### WORK TASK
Copy the lines of the data below exactly, starting at the first and stopping after the line that contains "可以通过在打印机驱动程序屏幕上单击[帮助]显示帮助。"; include no pictures.

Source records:
=======
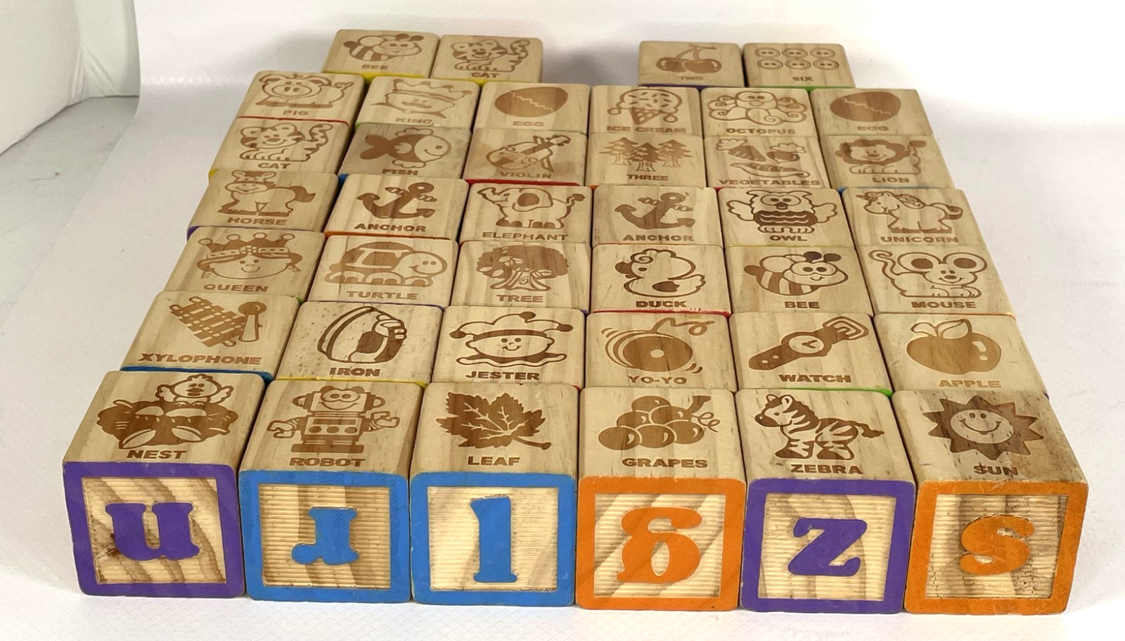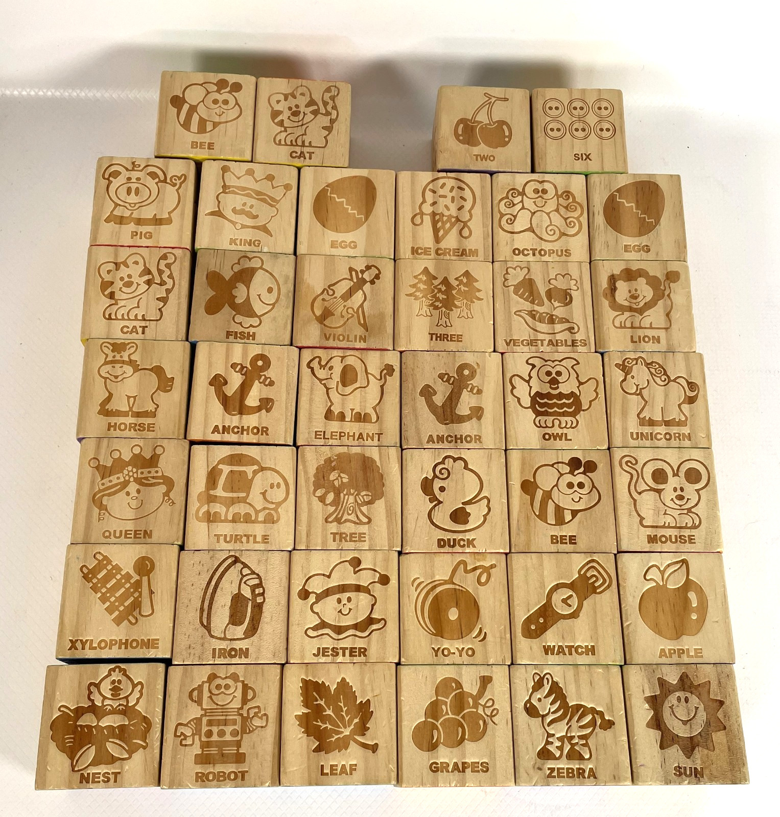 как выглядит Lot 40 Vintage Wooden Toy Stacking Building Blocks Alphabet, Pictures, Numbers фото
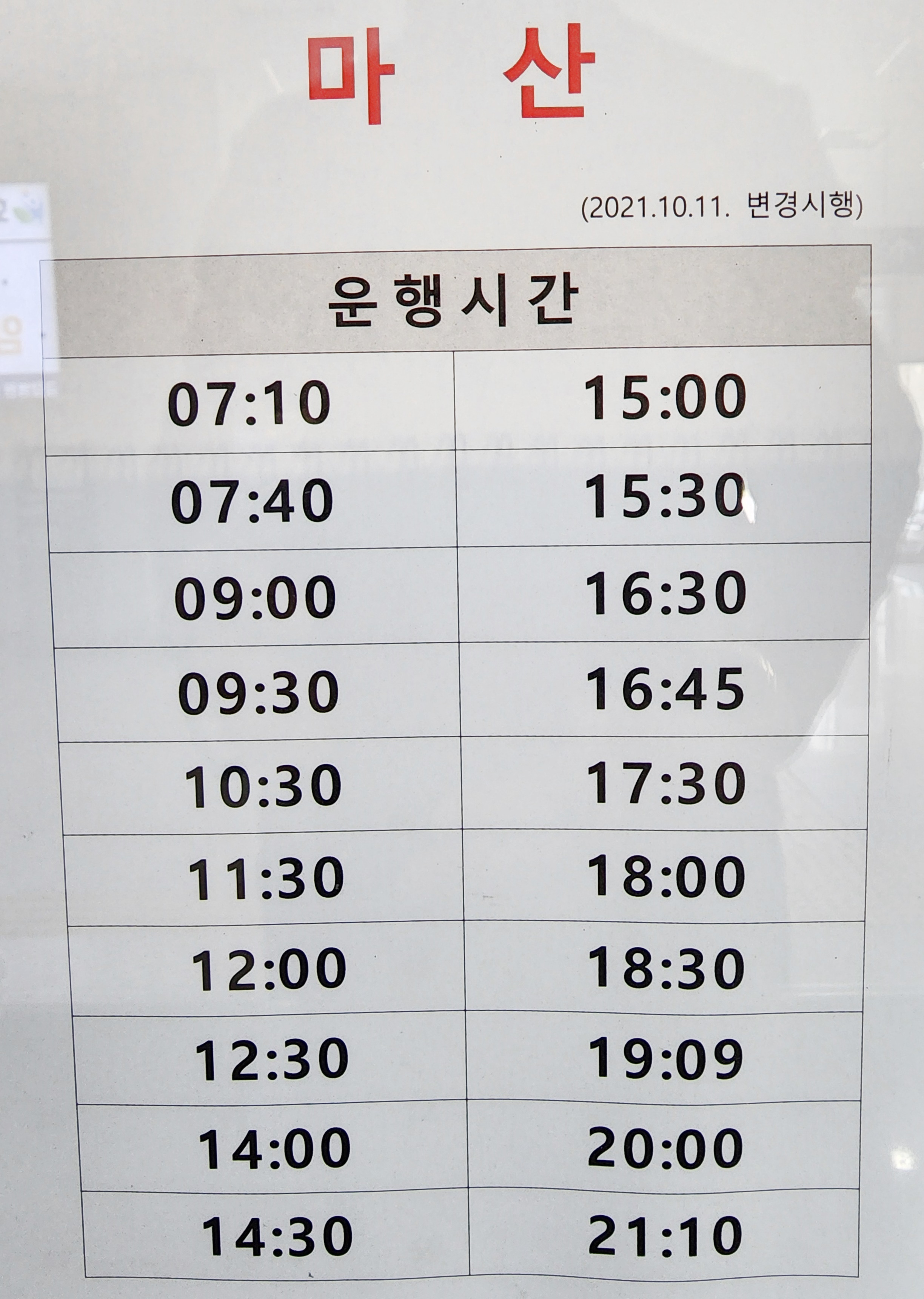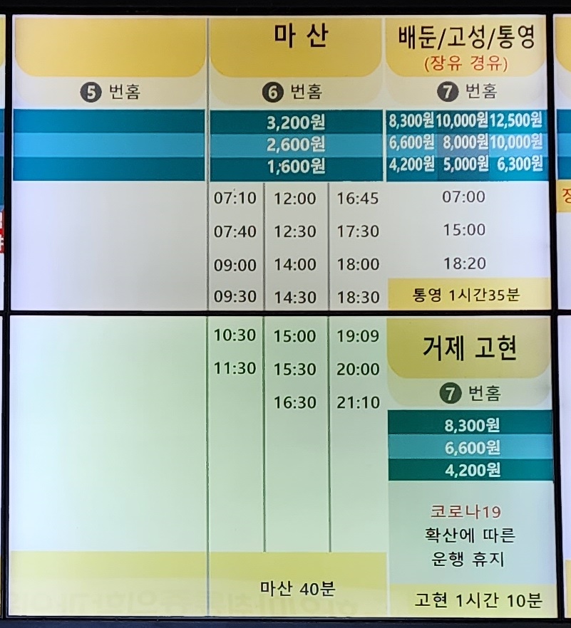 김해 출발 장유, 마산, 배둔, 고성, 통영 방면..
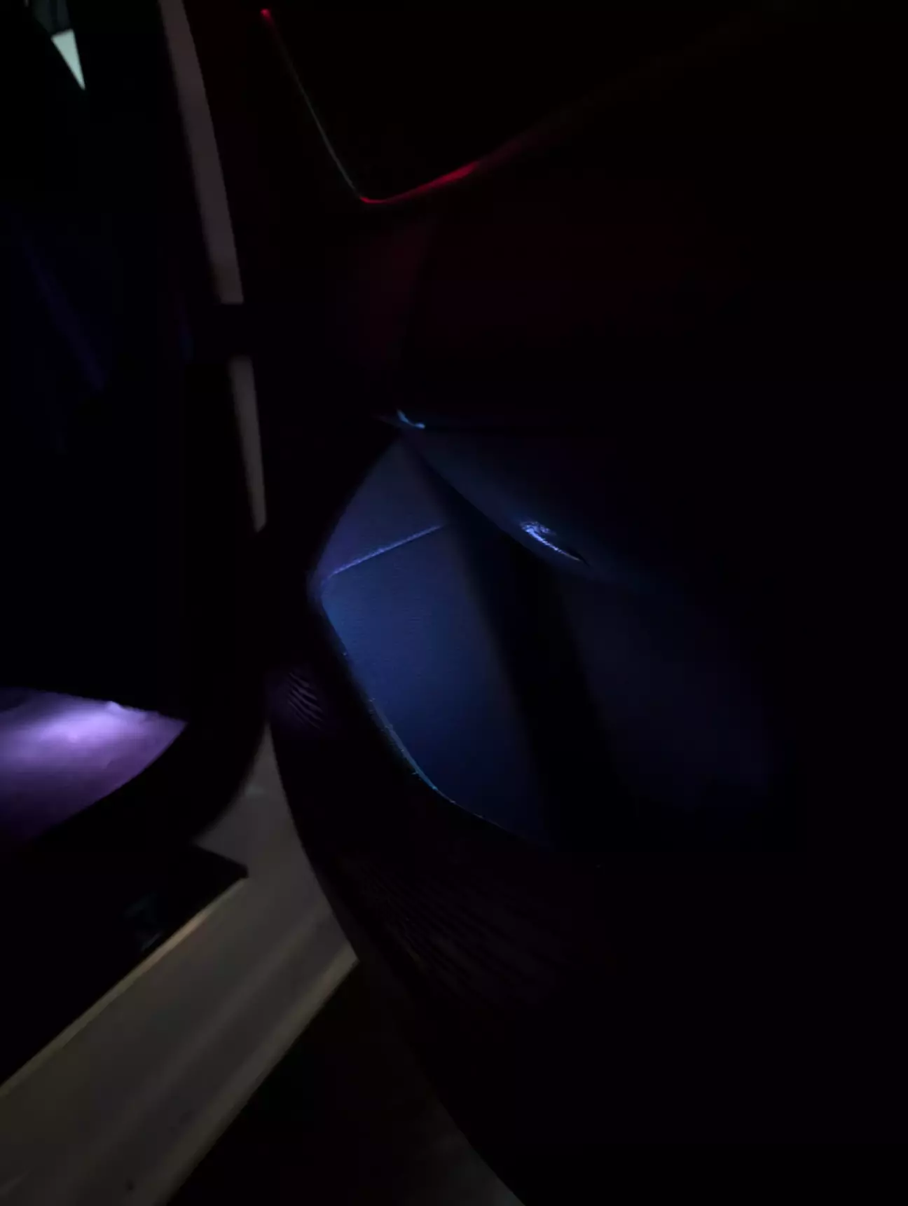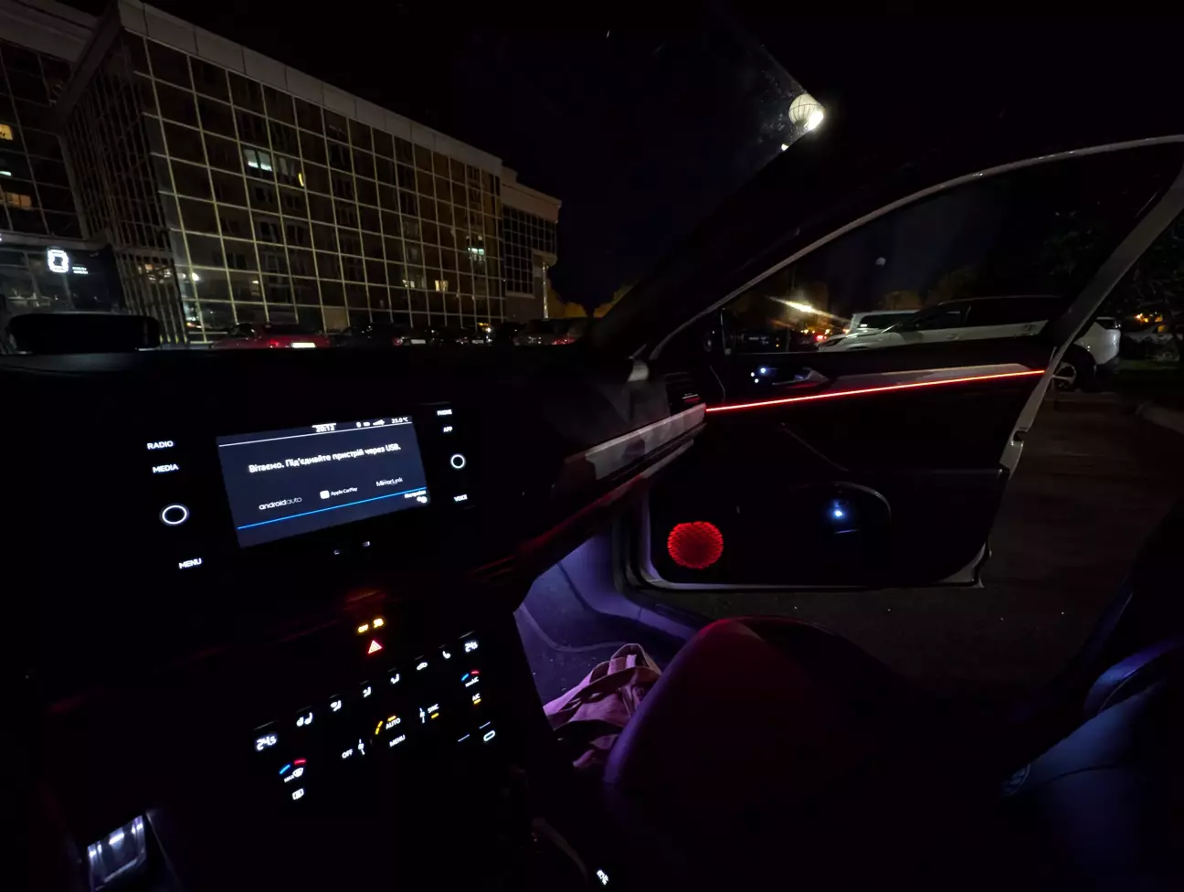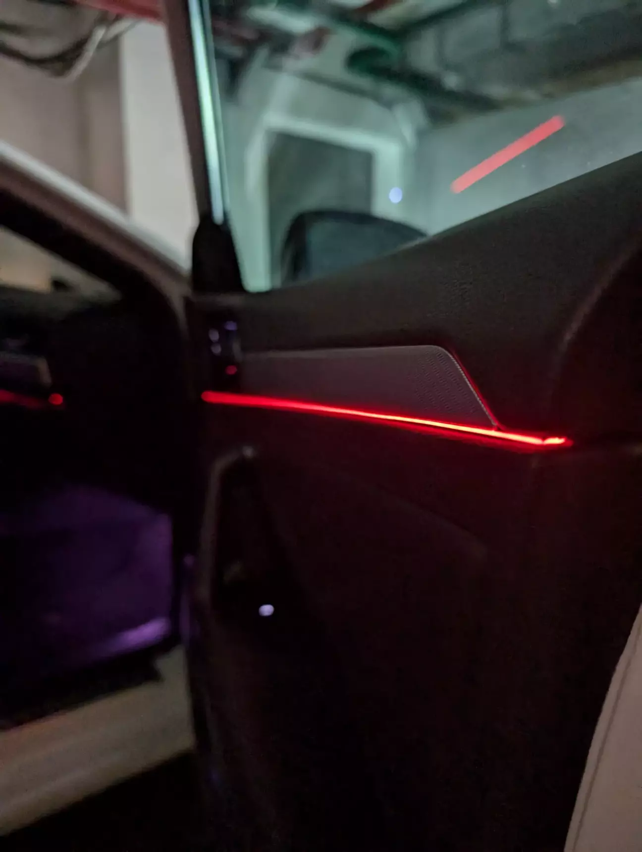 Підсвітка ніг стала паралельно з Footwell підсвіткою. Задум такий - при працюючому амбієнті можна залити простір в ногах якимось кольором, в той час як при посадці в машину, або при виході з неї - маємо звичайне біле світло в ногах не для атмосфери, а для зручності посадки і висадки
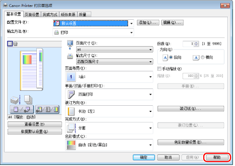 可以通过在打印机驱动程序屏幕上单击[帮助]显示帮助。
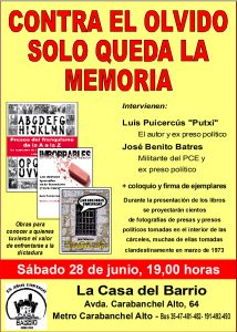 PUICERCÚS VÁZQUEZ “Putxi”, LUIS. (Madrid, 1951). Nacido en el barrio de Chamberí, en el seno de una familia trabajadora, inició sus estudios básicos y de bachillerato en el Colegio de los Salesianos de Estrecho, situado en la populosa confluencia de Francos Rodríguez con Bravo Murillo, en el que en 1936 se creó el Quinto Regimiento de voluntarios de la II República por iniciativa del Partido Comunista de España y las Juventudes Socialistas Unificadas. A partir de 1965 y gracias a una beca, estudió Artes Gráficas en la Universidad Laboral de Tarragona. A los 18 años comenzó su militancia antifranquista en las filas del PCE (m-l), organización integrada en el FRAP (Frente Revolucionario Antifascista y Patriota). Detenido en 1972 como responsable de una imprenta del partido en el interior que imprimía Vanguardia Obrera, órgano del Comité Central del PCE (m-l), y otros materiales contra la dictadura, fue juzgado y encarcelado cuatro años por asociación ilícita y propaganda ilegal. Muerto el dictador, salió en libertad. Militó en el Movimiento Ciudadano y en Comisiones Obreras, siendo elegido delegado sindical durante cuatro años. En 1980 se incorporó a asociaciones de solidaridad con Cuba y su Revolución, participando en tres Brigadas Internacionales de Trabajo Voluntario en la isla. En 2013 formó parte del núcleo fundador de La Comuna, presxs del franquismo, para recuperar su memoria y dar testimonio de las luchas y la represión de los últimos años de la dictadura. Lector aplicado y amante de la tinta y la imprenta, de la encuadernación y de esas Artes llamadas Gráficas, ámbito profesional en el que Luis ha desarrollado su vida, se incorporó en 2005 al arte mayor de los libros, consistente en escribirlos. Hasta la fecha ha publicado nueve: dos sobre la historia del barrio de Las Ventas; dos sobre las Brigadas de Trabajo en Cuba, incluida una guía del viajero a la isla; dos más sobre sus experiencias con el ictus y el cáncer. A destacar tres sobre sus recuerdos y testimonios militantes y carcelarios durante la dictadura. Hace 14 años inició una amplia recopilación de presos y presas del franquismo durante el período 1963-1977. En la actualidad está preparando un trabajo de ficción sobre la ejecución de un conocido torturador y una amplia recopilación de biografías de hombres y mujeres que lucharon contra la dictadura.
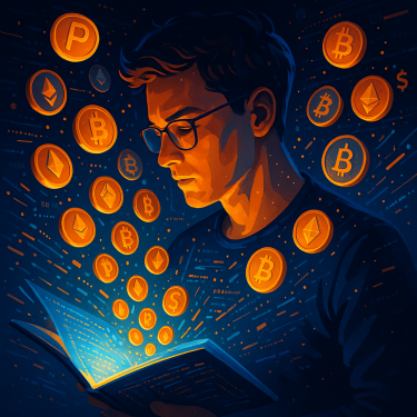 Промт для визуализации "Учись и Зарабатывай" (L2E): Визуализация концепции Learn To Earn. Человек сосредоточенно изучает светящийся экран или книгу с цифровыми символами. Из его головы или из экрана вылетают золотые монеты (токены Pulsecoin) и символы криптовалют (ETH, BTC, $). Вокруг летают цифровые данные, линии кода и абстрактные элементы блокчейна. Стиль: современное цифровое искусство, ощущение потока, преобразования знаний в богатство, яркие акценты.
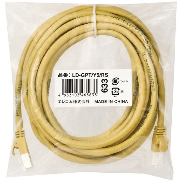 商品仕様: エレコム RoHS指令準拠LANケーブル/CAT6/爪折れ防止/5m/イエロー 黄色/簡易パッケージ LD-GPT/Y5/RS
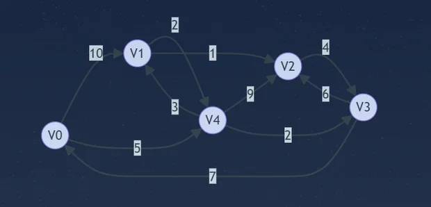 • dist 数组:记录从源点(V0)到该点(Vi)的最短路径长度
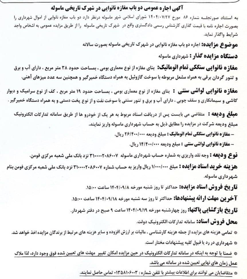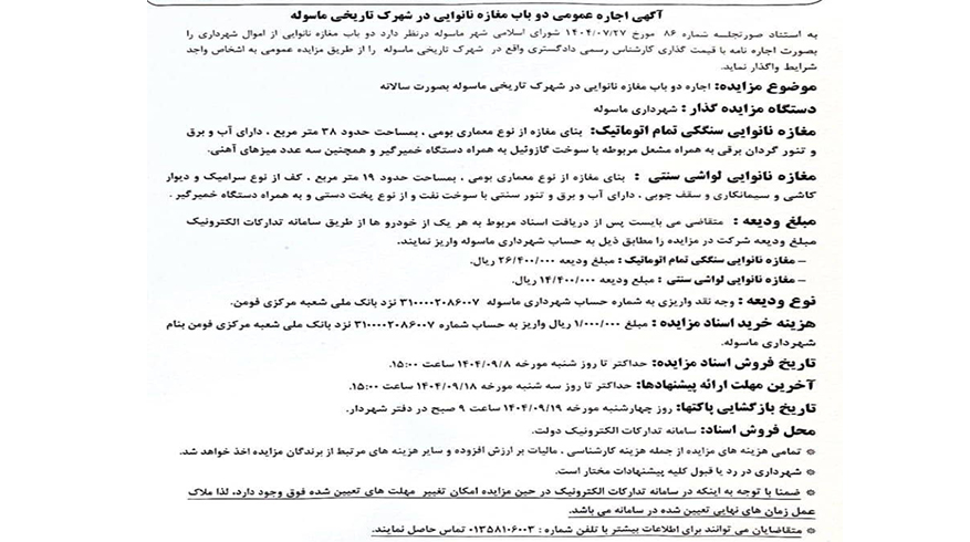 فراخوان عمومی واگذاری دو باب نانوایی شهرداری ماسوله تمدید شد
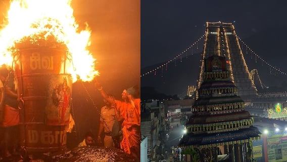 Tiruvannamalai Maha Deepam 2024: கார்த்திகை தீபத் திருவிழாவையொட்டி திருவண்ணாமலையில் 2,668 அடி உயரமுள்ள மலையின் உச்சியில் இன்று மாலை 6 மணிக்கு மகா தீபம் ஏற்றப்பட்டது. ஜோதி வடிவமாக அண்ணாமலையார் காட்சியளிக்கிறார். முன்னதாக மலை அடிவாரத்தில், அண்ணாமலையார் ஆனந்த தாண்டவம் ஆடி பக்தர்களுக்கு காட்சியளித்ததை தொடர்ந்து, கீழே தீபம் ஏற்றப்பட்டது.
=======
### SOLUTION TO THIS TASK
 как выглядит Lot 40 Vintage Wooden Toy Stacking Building Blocks Alphabet, Pictures, Numbers фото
 김해 출발 장유, 마산, 배둔, 고성, 통영 방면..
 Підсвітка ніг стала паралельно з Footwell підсвіткою. Задум такий - при працюючому амбієнті можна залити простір в ногах якимось кольором, в той час як при посадці в машину, або при виході з неї - маємо звичайне біле світло в ногах не для атмосфери, а для зручності посадки і висадки
 可以通过在打印机驱动程序屏幕上单击[帮助]显示帮助。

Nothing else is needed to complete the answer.